→ **Directions**:
Starting at the first line of the material below, retype each line exactly until you reach the line with "BRAGG, Susan F.", which is also included; pictures stay out.

→ **Supplied entries**:

----------------------------------------

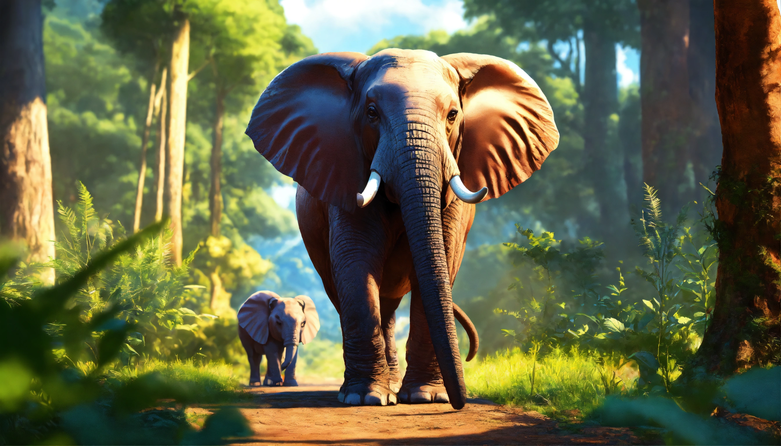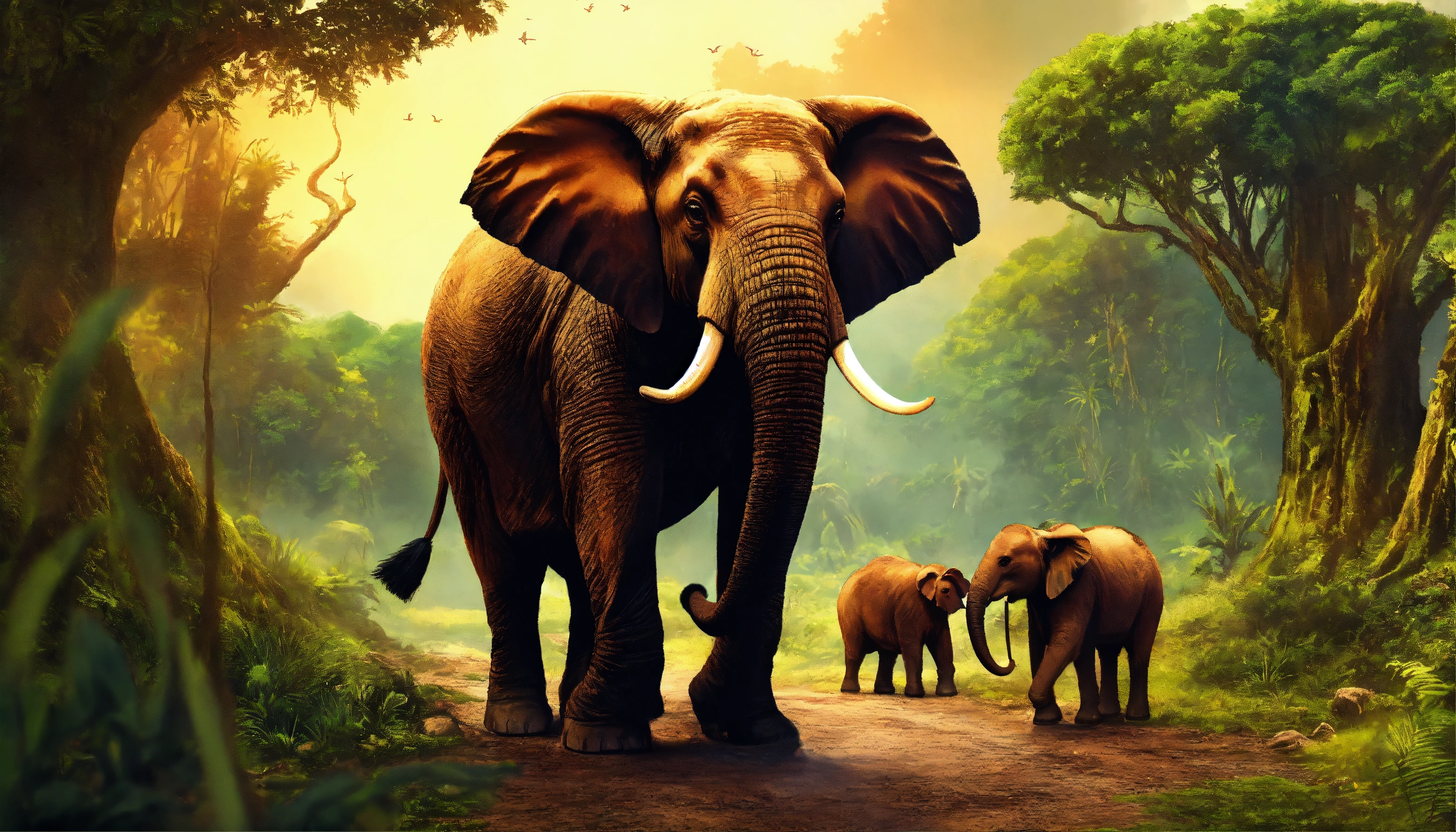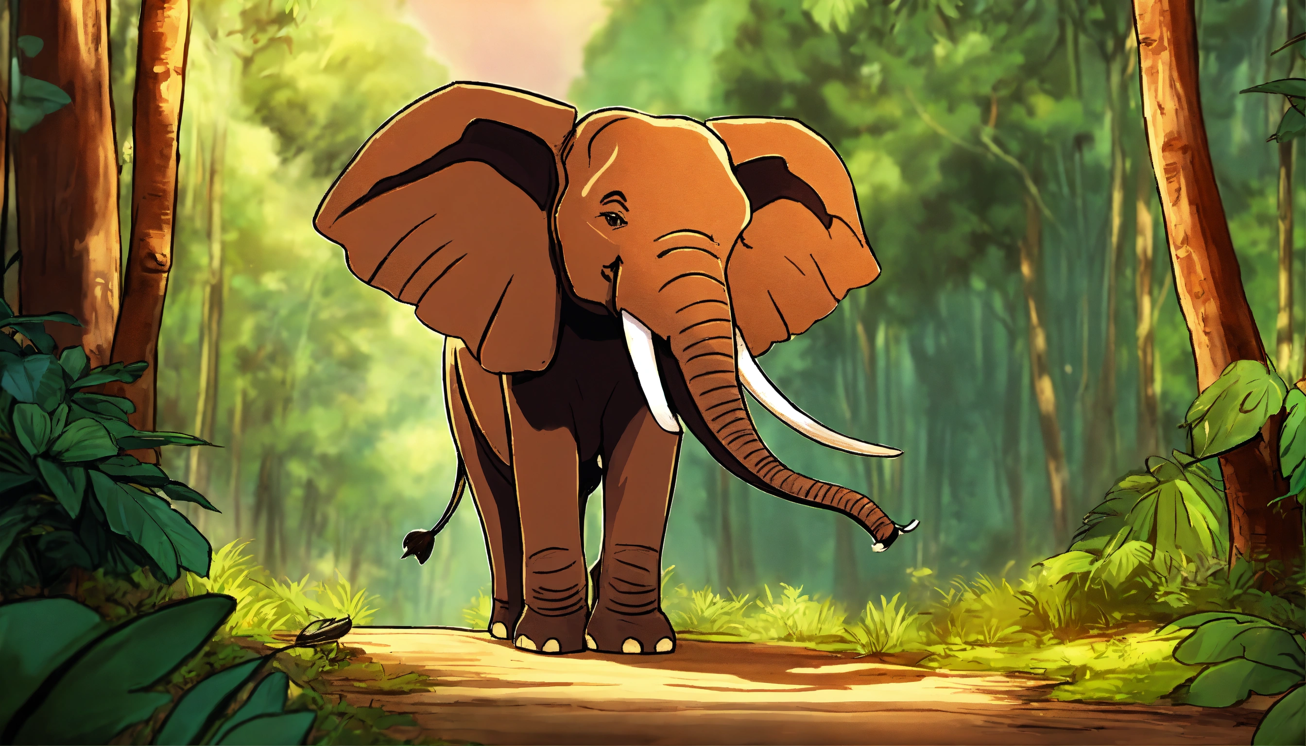 Elefante pequeño con orejas grandes en compañia de una rata y varios animales de la selva, 8k, detailed comics
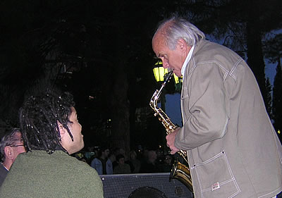 El intendente Alcala de Santa Rosa, practicando saxo, junto a uno de los músicos de «Yergue la Oreja». Fue en la Plaza San Martín durante la última jornada del «Hecho por Jóvenes».
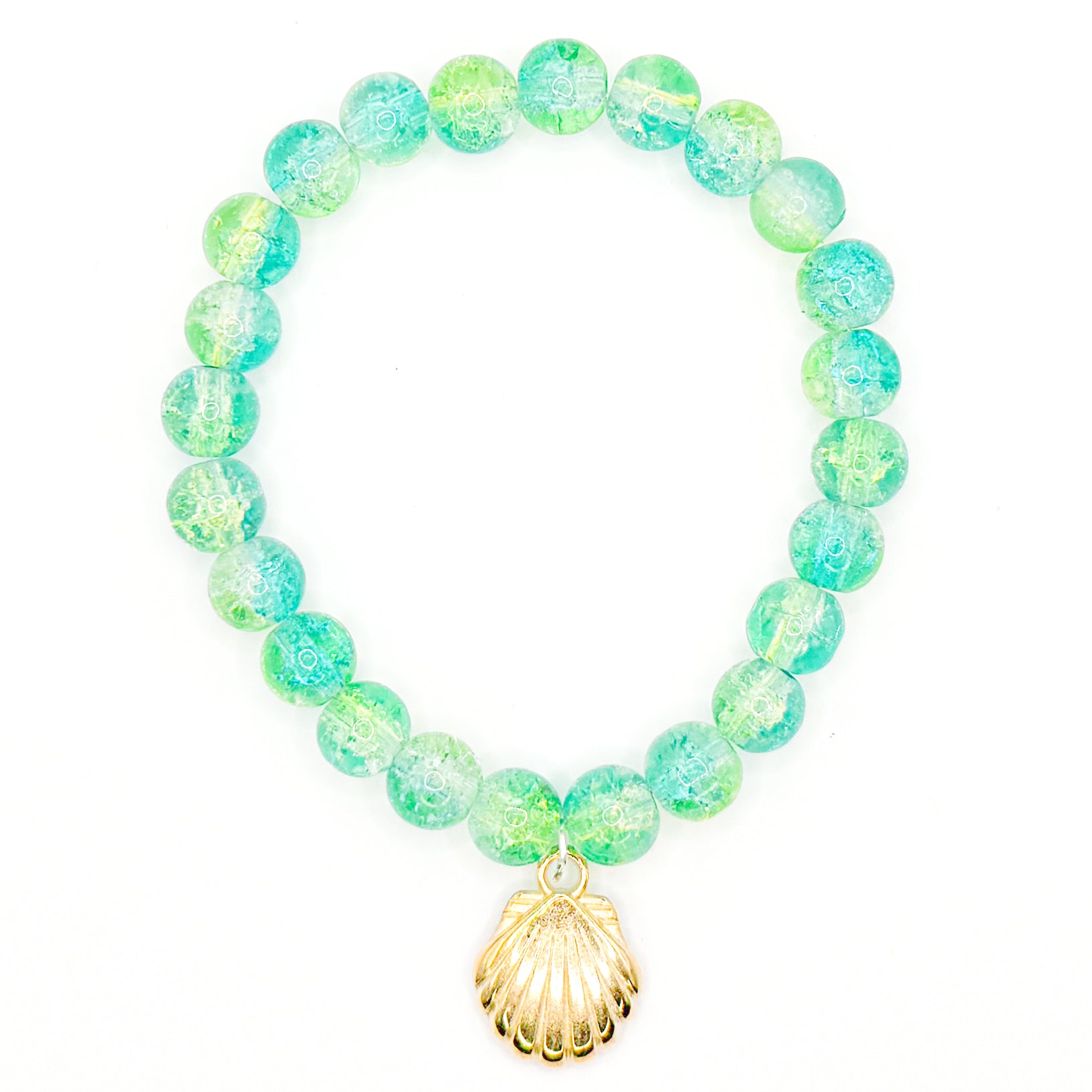 Handmade gold water shell glass beaded bracelet || KellyPrepsterStudio
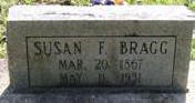 BRAGG, Susan F. Mar. 20, 1867 - May 11, 1931. Daughter of Robert Bragg (1836 Unknown) & Jane Morgan Banks (1834 1899, Southeast MO). Mother of Blanch Bragg. | ||
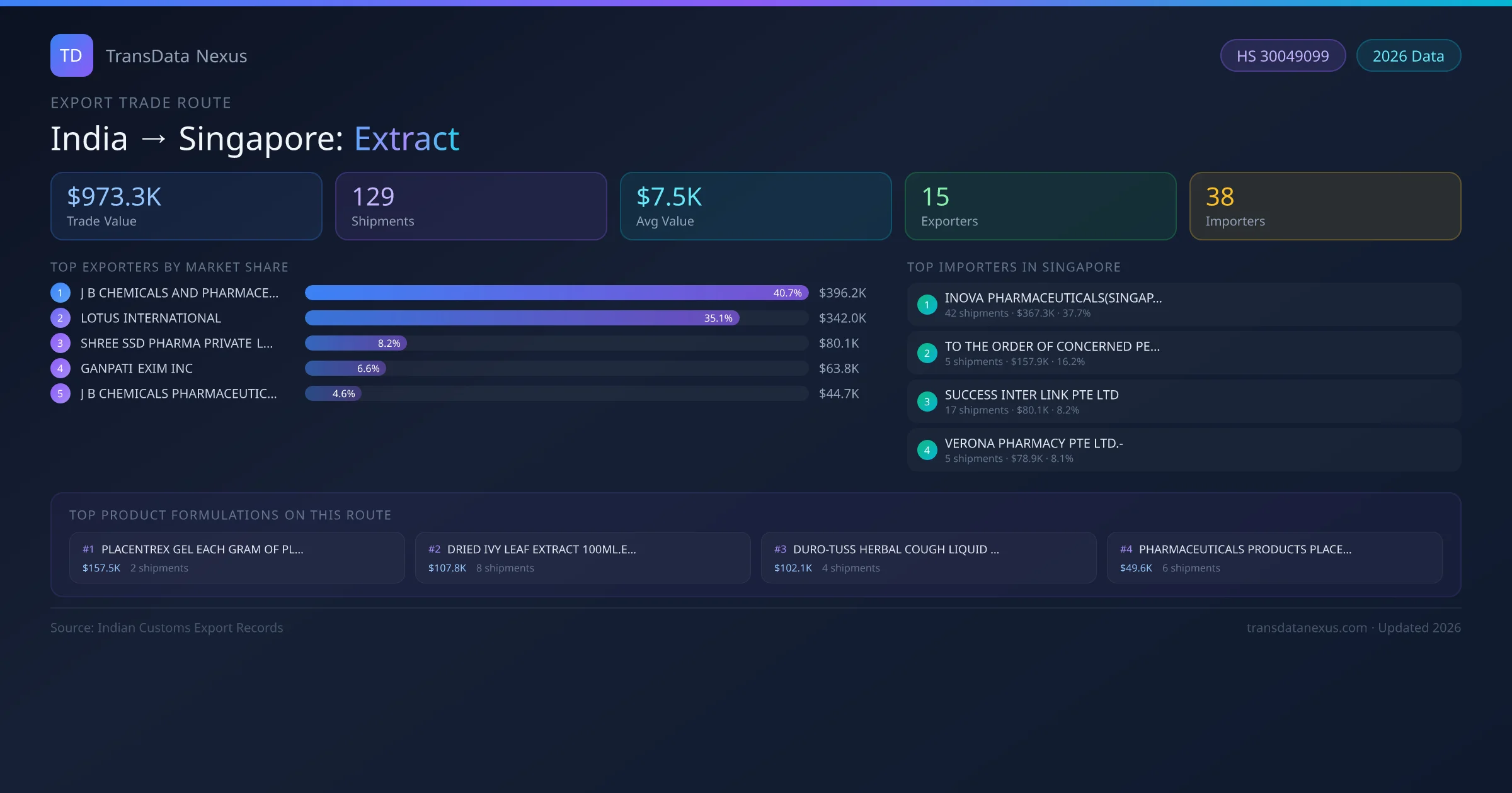 India has recorded 129 verified shipments of Extract exported to Singapore, representing a combined trade value of $973.3K USD. This corridor is served by 15 active Indian exporters, with an average shipment value of $7.5K USD. The leading Indian exporter is J B CHEMICALS AND PHARMACEUTICALS LIMITED, which accounts for 41% of total export value with 46 shipments worth $396.2K USD. On the buying side, INOVA PHARMACEUTICALS(SINGAPORE) PT is the largest importer in Singapore with $367.3K USD in purchases. The top 3 suppliers — J B CHEMICALS AND PHARMACEUTICALS LIMITED, LOTUS INTERNATIONAL, SHREE SSD PHARMA PRIVATE LIMITED — together control 84% of total trade value on this route. All data sourced from Indian Customs (DGFT) shipping bill records. Values reported in FOB USD.

----------------------------------------

→ **Solved exercise**:
 Elefante pequeño con orejas grandes en compañia de una rata y varios animales de la selva, 8k, detailed comics
 El intendente Alcala de Santa Rosa, practicando saxo, junto a uno de los músicos de «Yergue la Oreja». Fue en la Plaza San Martín durante la última jornada del «Hecho por Jóvenes».
 Handmade gold water shell glass beaded bracelet || KellyPrepsterStudio
 BRAGG, Susan F. Mar. 20, 1867 - May 11, 1931. Daughter of Robert Bragg (1836 Unknown) & Jane Morgan Banks (1834 1899, Southeast MO). Mother of Blanch Bragg. | ||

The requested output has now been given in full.